PROBLEM TO SOLVE →
Pictures in the listing below are skipped, while the lines from the "Friends Aliya - Coral, Medium" line through the "9. 烤鸭:烤鸭是河北地区的" line are returned word for word.

DATA LISTING →
>>

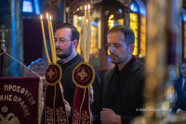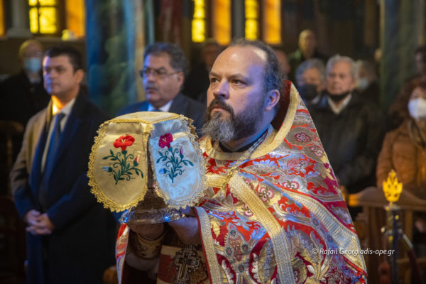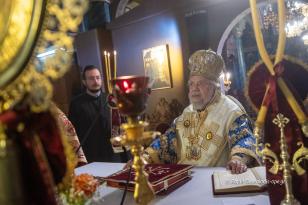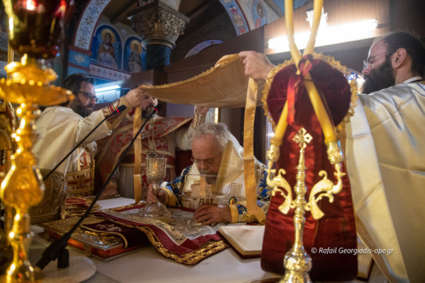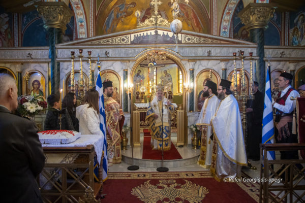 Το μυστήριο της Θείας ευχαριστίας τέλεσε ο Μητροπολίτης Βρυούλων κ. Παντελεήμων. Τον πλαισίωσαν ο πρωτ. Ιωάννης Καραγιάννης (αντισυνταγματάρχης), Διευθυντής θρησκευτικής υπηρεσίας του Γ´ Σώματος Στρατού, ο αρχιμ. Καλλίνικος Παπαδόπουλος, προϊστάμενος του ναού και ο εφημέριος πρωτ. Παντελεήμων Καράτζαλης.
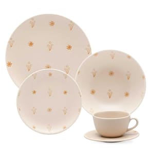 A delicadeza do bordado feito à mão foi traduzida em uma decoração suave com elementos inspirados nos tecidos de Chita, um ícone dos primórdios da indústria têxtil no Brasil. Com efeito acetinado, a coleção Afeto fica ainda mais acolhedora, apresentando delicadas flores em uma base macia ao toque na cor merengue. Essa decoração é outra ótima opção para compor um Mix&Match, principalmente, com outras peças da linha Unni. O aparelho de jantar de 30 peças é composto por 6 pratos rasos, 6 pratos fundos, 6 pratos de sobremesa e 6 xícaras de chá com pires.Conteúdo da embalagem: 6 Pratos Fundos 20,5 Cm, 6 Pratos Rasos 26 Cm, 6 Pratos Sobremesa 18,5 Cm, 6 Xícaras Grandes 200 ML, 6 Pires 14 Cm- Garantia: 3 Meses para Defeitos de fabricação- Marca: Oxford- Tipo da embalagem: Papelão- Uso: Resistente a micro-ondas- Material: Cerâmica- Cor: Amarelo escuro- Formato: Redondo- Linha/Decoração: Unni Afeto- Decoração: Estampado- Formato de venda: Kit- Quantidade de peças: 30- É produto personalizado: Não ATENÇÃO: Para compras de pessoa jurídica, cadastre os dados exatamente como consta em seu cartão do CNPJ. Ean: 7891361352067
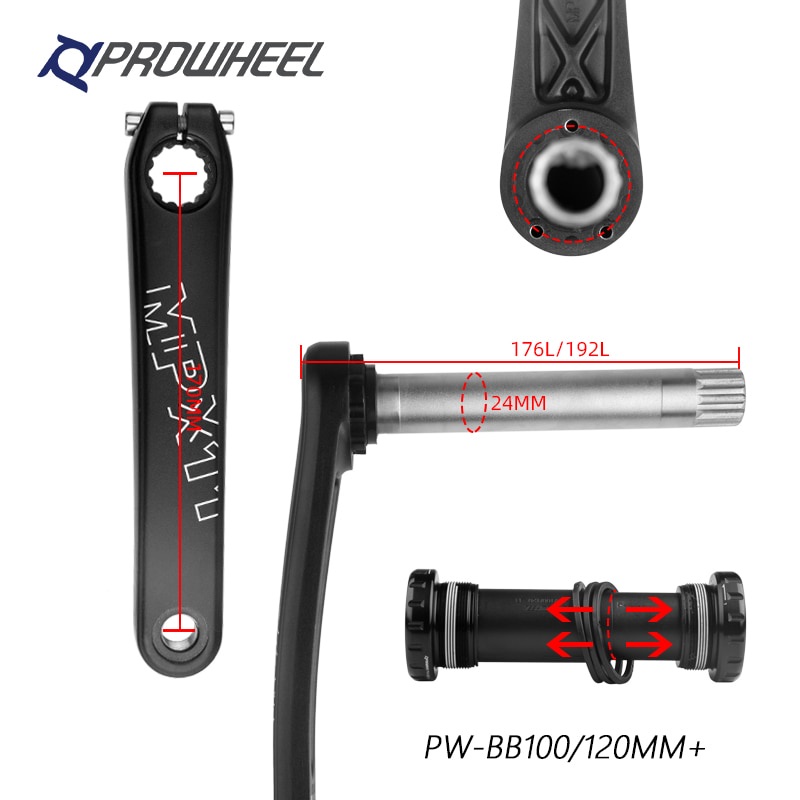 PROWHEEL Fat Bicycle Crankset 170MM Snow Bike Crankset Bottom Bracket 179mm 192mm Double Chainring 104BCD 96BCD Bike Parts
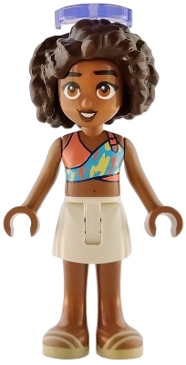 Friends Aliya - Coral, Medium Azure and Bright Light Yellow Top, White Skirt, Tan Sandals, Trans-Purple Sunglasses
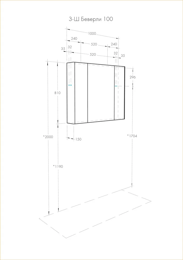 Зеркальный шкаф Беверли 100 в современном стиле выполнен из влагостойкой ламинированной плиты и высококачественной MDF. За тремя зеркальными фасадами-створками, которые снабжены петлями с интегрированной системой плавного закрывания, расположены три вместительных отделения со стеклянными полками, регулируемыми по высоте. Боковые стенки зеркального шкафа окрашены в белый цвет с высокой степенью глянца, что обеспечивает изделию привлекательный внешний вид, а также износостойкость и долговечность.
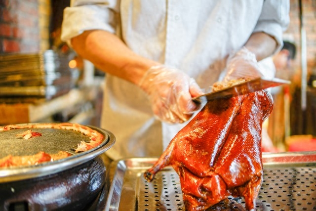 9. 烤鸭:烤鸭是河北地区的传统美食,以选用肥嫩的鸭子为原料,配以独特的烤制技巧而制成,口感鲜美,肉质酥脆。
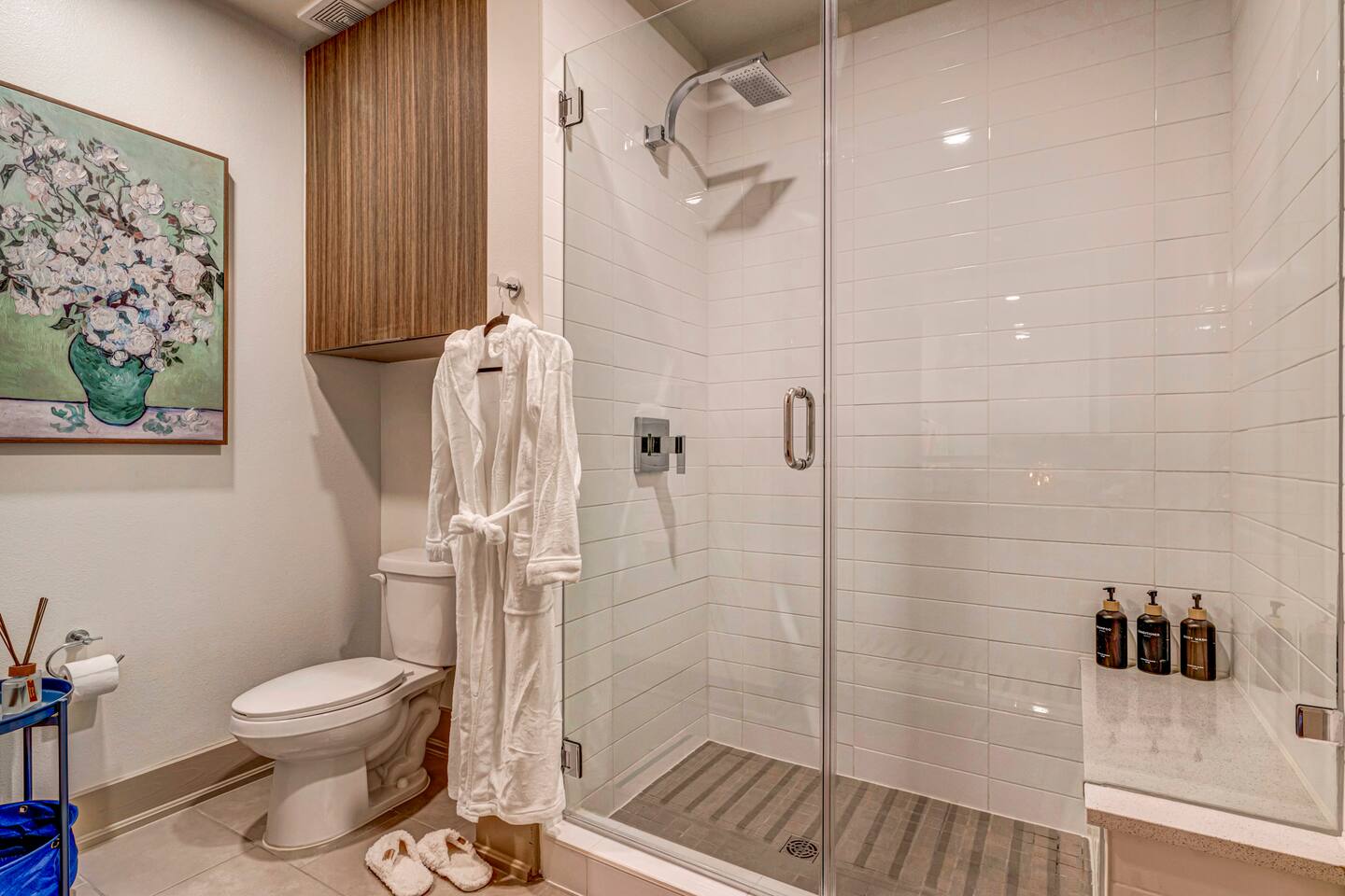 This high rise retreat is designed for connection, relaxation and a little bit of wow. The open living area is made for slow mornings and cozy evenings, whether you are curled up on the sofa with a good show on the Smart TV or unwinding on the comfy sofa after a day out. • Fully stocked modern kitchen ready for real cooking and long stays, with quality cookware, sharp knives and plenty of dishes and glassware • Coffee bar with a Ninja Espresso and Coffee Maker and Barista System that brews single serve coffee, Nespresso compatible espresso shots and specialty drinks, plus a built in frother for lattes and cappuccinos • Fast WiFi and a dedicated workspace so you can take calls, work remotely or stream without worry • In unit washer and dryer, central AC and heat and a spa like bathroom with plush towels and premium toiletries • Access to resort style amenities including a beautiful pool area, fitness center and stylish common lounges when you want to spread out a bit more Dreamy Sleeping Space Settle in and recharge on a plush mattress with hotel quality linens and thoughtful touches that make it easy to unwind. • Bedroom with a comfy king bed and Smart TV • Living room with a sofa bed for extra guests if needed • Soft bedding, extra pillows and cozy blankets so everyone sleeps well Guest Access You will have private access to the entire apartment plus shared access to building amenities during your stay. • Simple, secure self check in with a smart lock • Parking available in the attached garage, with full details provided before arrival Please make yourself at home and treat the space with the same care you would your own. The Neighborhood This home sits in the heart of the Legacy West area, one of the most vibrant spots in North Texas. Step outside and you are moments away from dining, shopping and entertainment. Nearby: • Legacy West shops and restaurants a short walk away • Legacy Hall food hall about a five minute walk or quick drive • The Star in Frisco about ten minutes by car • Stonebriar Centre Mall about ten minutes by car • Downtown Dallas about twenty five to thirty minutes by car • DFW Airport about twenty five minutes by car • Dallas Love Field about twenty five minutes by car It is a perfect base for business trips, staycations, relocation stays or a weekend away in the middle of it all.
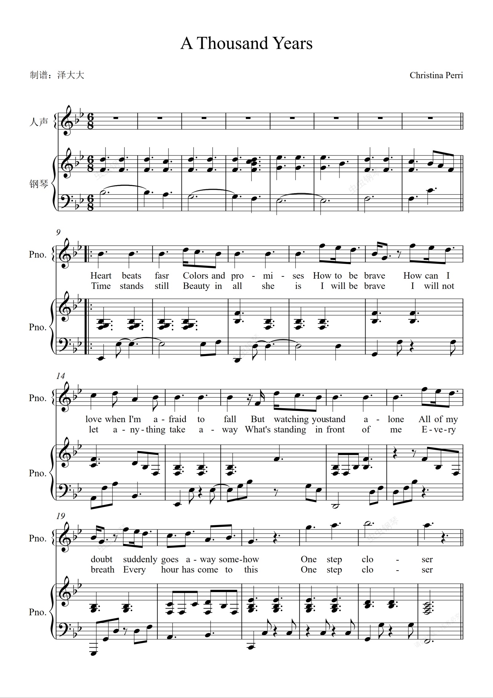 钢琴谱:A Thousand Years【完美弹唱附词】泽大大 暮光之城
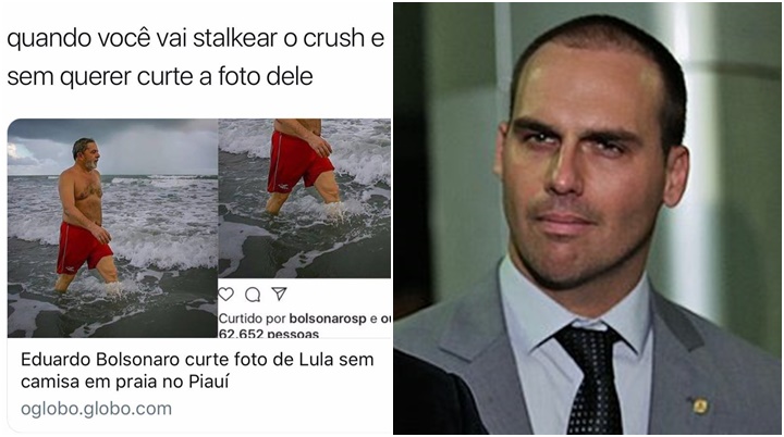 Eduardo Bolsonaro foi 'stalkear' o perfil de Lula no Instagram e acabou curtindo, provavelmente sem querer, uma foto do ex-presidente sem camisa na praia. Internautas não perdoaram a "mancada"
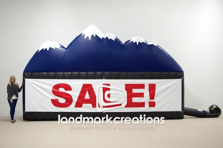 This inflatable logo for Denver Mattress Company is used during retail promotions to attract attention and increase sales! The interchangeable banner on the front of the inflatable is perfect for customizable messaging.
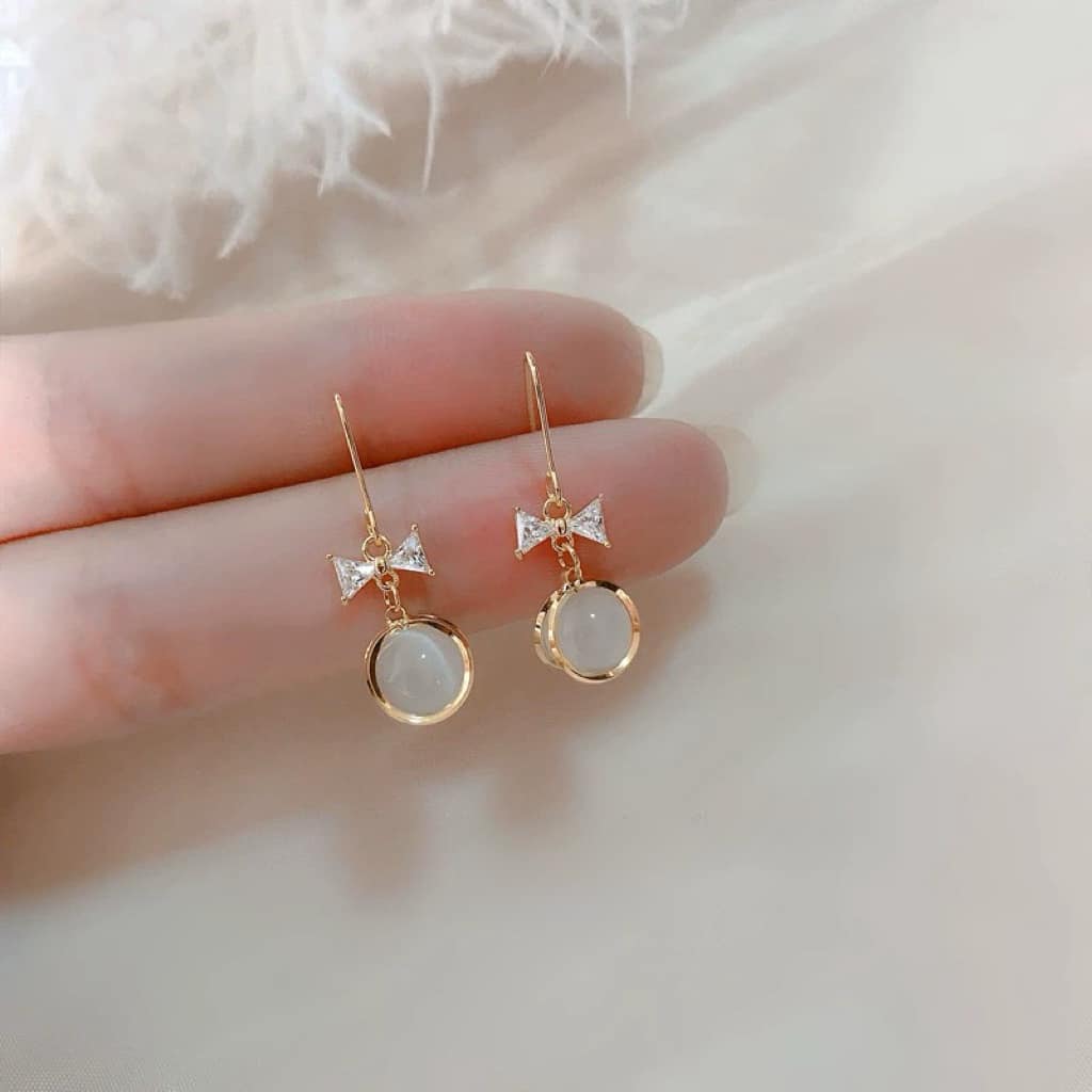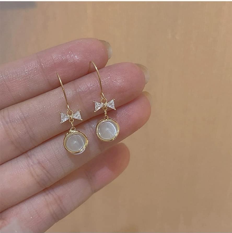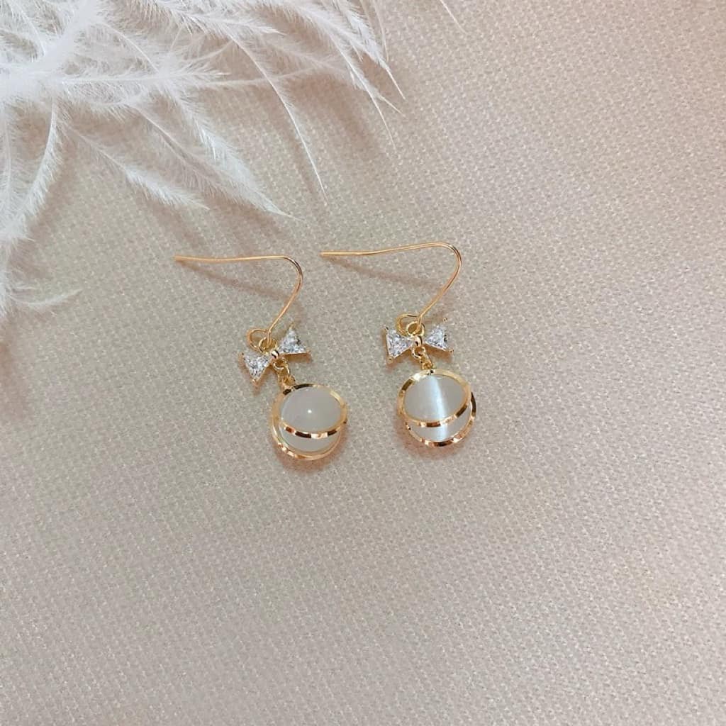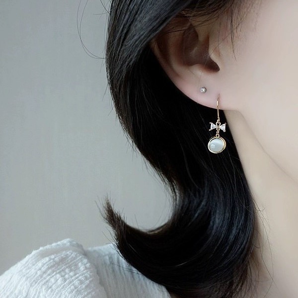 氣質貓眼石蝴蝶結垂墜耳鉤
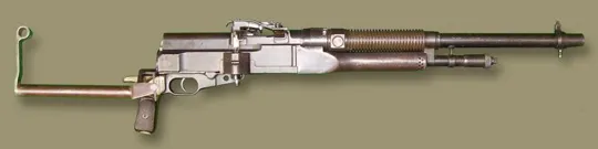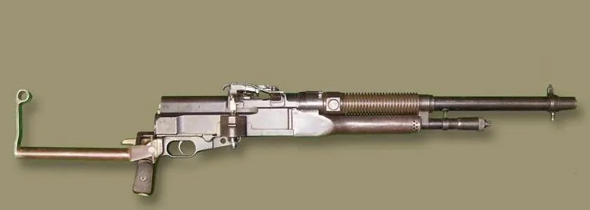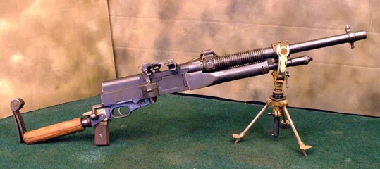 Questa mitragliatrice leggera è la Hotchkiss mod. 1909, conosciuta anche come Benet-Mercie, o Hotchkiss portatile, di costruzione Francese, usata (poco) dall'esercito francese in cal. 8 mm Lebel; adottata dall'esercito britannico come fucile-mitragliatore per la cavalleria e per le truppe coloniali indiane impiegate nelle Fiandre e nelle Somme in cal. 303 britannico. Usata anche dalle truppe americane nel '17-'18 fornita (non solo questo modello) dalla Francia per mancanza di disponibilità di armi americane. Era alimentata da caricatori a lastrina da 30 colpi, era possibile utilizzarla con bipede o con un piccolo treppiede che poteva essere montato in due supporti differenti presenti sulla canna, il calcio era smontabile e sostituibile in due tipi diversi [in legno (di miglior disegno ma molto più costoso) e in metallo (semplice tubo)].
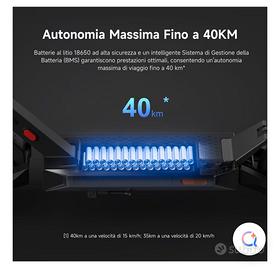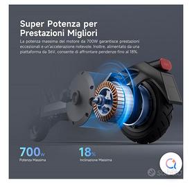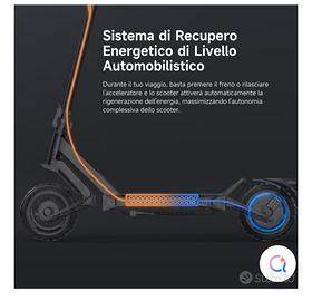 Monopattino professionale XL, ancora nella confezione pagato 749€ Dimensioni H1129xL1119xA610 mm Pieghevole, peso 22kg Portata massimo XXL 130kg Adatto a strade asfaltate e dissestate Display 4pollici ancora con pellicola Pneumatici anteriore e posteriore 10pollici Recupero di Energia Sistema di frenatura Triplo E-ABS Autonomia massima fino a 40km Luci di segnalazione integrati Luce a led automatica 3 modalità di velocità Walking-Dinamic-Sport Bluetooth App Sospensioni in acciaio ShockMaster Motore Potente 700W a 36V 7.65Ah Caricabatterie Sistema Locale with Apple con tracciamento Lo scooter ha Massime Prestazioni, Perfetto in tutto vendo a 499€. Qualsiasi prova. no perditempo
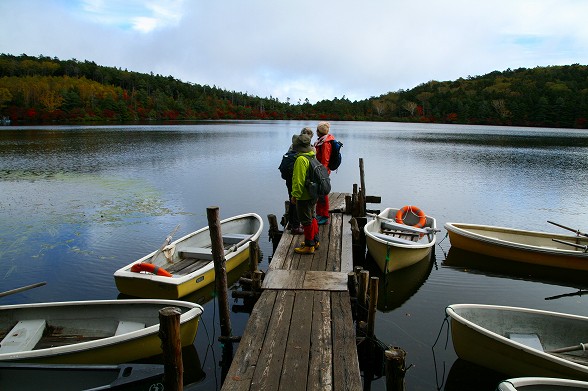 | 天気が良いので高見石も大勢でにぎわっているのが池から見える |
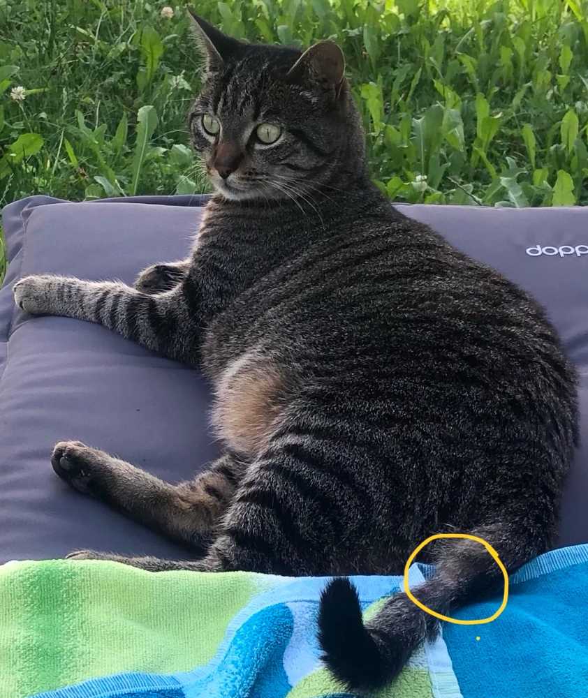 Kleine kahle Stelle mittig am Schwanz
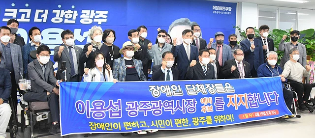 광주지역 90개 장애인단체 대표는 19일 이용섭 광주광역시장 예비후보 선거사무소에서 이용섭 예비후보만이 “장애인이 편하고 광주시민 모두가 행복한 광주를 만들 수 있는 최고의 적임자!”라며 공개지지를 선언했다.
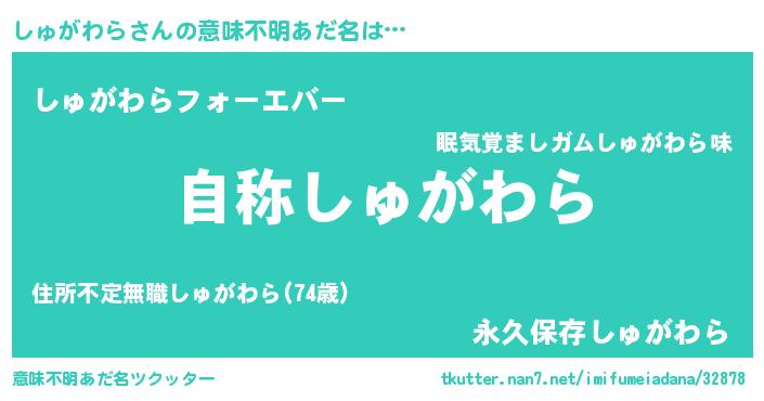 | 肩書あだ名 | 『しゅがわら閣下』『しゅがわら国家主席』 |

<<

TASK SOLUTION →
 Friends Aliya - Coral, Medium Azure and Bright Light Yellow Top, White Skirt, Tan Sandals, Trans-Purple Sunglasses
 Зеркальный шкаф Беверли 100 в современном стиле выполнен из влагостойкой ламинированной плиты и высококачественной MDF. За тремя зеркальными фасадами-створками, которые снабжены петлями с интегрированной системой плавного закрывания, расположены три вместительных отделения со стеклянными полками, регулируемыми по высоте. Боковые стенки зеркального шкафа окрашены в белый цвет с высокой степенью глянца, что обеспечивает изделию привлекательный внешний вид, а также износостойкость и долговечность.
 9. 烤鸭:烤鸭是河北地区的传统美食,以选用肥嫩的鸭子为原料,配以独特的烤制技巧而制成,口感鲜美,肉质酥脆。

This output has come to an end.